WORK INSTRUCTIONS: When the data below is printed, every line must match exactly and the images must be absent.

DATASET CONTENT:
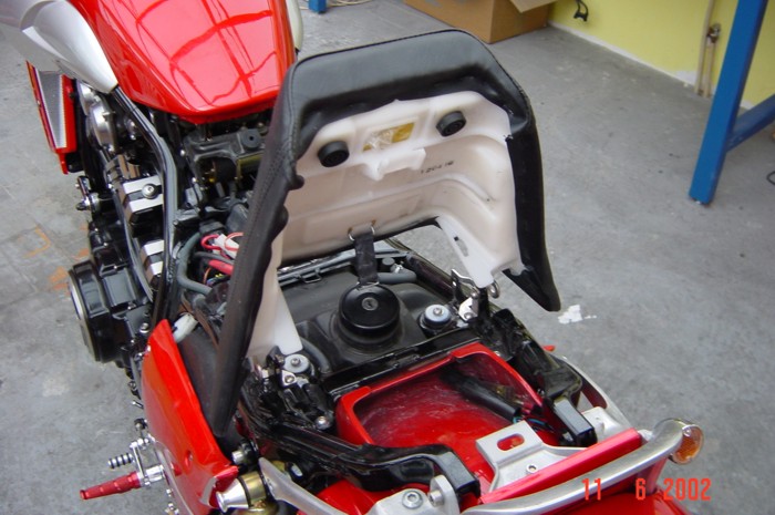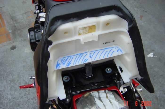 Um mehr Stauraum zu erhalten empfehlen wir den Verbindungssteg unter dem Soziasitz bis auf ein Rest von 5mm auszuschneiden. |
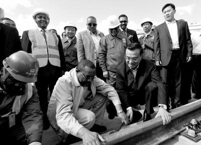 5月6日,李克强在埃塞俄比亚为中方承建的轻轨项目亲手拧上最后一颗螺钉。
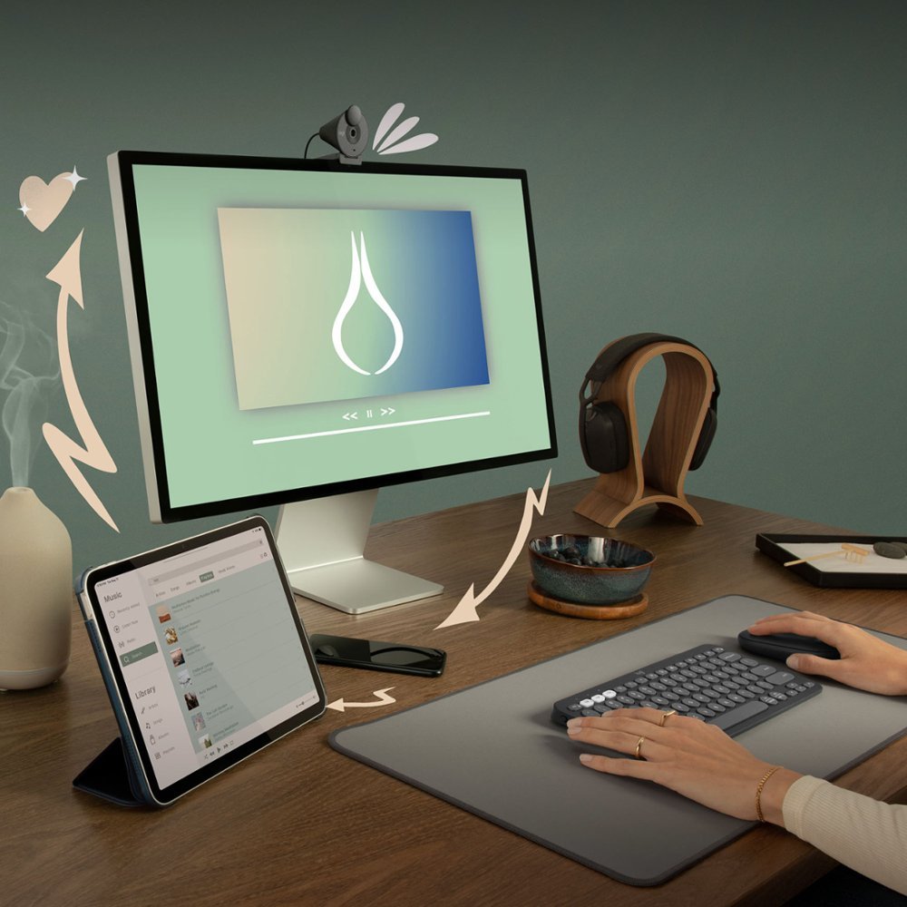 Use Bluetooth to connect up to 3 wireless devices across OSs (Windows, macOS, iPadOS, ChromeOS), and switch between them with the mouse’s Easy-Switch button.

ANSWER BELOW:
 Um mehr Stauraum zu erhalten empfehlen wir den Verbindungssteg unter dem Soziasitz bis auf ein Rest von 5mm auszuschneiden. |
 5月6日,李克强在埃塞俄比亚为中方承建的轻轨项目亲手拧上最后一颗螺钉。
 Use Bluetooth to connect up to 3 wireless devices across OSs (Windows, macOS, iPadOS, ChromeOS), and switch between them with the mouse’s Easy-Switch button.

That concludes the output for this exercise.